The first machine learning framework that encourages learning ML concepts instead of memorizing class functions.

Last update: Dec 27, 2022

Overview

SeaLion

SeaLion is designed to teach today's aspiring ml-engineers the popular machine learning concepts of today in a way that gives both intuition and ways of application. We do this through concise algorithms that do the job in the least jargon possible and examples to guide you through every step of the way.

Quick Demo

SeaLion in Action

General Usage

For most classifiers you can just do (we'll use Logistic Regression as an example here) :

from sealion.regression import LogisticRegression
log_reg = LogisticRegression()

to initialize, and then to train :

log_reg.fit(X_train, y_train)

and for testing :

y_pred = log_reg.predict(X_test) 
evaluation = log_reg.evaluate(X_test, y_test)

For the unsupervised clustering algorithms you may do :

from sealion.unsupervised_clustering import KMeans
kmeans = KMeans(k = 3)

and then to fit and predict :

predictions = kmeans.fit_predict(X)

Neural networks are a bit more complicated, so you may want to check an example here.

The syntax of the APIs was designed to be easy to use and familiar to most other ML libraries. This is to make sure both beginners and experts in the field can comfortably use SeaLion. Of course, none of the source code uses other ML frameworks.

Testimonials and Reddit Posts

"Super Expansive Python ML Library"

@Peter Washington, Stanford PHD candidate in Bio-Engineering

r/Python : r/Python Post

r/learnmachinelearning : r/learningmachinelearning Post

Installation

The package is available on PyPI. Install like such :

pip install sealion

SeaLion can only support Python 3, so please make sure you are on the newest version.

General Information

SeaLion was built by Anish Lakkapragada, a freshman in high school, starting in Thanksgiving of 2020 and has continued onto early 2021. The library is meant for beginners to use when solving the standard libraries like iris, breast cancer, swiss roll, the moons dataset, MNIST, etc. The source code is not as much as most other ML libraries (only 4000 lines) so it's pretty easy to contribute to. He hopes to spread machine learning to other high schoolers through this library.

Documentation

All documentation is currently being put on a website. However useful it may be, I highly recommend you check the examples posted on GitHub here to see the usage of the APIs and how it works.

Updates for v4.1 and up!

First things first - thank you for all of the support. The two reddit posts did much better than I expected (1.6k upvotes, about 200 comments) and I got a lot of feedback and advice. Thank you to anyone who participated in r/Python or r/learnmachinelearning.
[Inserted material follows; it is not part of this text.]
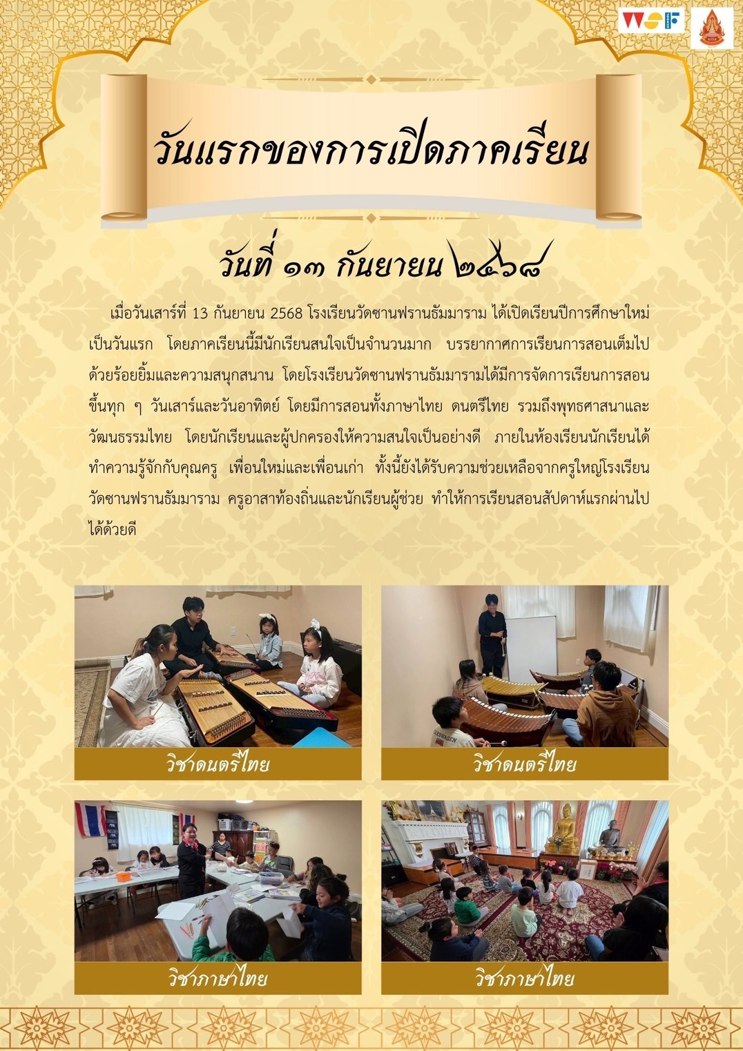 วันเสาร์ที่ 13 กันยายน 2568 โรงเรียนวัดซานฟรานธัมมาราม ได้เปิดเรียนปีการศึกษาใหม่เป็นวันแรก โดยภาคเรียนนี้มีนักเรียนสนใจเป็นจำนวนมาก บรรยากาศการเรียนการสอนเต็มไปด้วยร้อยยิ้มและความสนุกสนาน โดยโรงเรียนวัดซานฟรานธัมมารามได้มีการจัดการเรียนการสอนขึ้นทุก ๆ วันเสาร์และวันอาทิตย์ โดยมีการสอนทั้งภาษาไทย ดนตรีไทย รวมถึงพุทธศาสนาและวัฒนธรรมไทย โดยนักเรียนและผู้ปกครองให้ความสนใจเป็นอย่างดี ภายในห้องเรียนนักเรียนได้ทำความรู้จักกับคุณครู เพื่อนใหม่และเพื่อนเก่า ทั้งนี้ยังได้รับความช่วยเหลือจากครูใหญ่โรงเรียนวัดซานฟรานธัมมาราม ครูอาสาท้องถิ่นและนักเรียนผู้ช่วย ทำให้การเรียนสอนสัปดาห์แรกผ่านไปได้ด้วยดี

SeaLion has also taken off with the posts. We currently have had 3 issues (1 closed) and have reached 195 stars and 20 forks. I wasn't expecting this and I am grateful for everyone who has shown their appreciation for this library.

Also some issues have popped up. Most of them can be easily solved by just deleting sealion manually (going into the folder where the source is and just deleting it - not pip uninstall) and then reinstalling the usual way, but feel free to put an issue up anytime.
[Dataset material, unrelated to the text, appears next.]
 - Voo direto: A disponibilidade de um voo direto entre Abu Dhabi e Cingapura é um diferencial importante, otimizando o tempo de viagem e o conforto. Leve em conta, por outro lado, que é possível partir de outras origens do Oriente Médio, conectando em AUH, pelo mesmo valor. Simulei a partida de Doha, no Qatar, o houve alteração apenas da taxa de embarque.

In versions 4.1+ we are hoping to polish the library more. Currently 4.1 comes with Bernoulli Naive Bayes and we also have added precision, recall, and the f1 metric in the utils module. We are hoping to include Gaussian Mixture Models and Batch Normalization in the future. Code examples for these new algorithms will be created within a day or two after release. Thank you!

Updates for v3.0.0!

SeaLion v3.0 and up has had a lot of major milestones.

The first thing is that all the code examples (in jupyter notebooks) for basically all of the modules in sealion are put into the examples directory. Most of them go over using actual datasets like iris, breast cancer, moons, blobs, MNIST, etc. These were all built using v3.0.8 -hopefully that clears up any confusion. I hope you enjoy them.

Perhaps the biggest change in v3.0 is how we have changed the Cython compilation. A quick primer on Cython if you are unfamiliar - you take your python code (in .py files), change it and add some return types and type declarations, put that in a .pyx file, and compile it to a .so file. The .so file is then imported in the python module which you use.

The main bug fixed was that the .so file is actually specific to the architecture of the user. I use macOS and compiled all my files in .so, so prior v3.0 I would just give those .so files to anybody else. However other architectures and OSs like Ubuntu would not be able to recognize those files. Instead what we do know is just store the .pyx files (universal for all computers) in the source code, and the first time you import sealion all of those .pyx files will get compiled into .so files (so they will work for whatever you are using.) This means the first import will take about 40 seconds, but after that it will be as quick as any other import.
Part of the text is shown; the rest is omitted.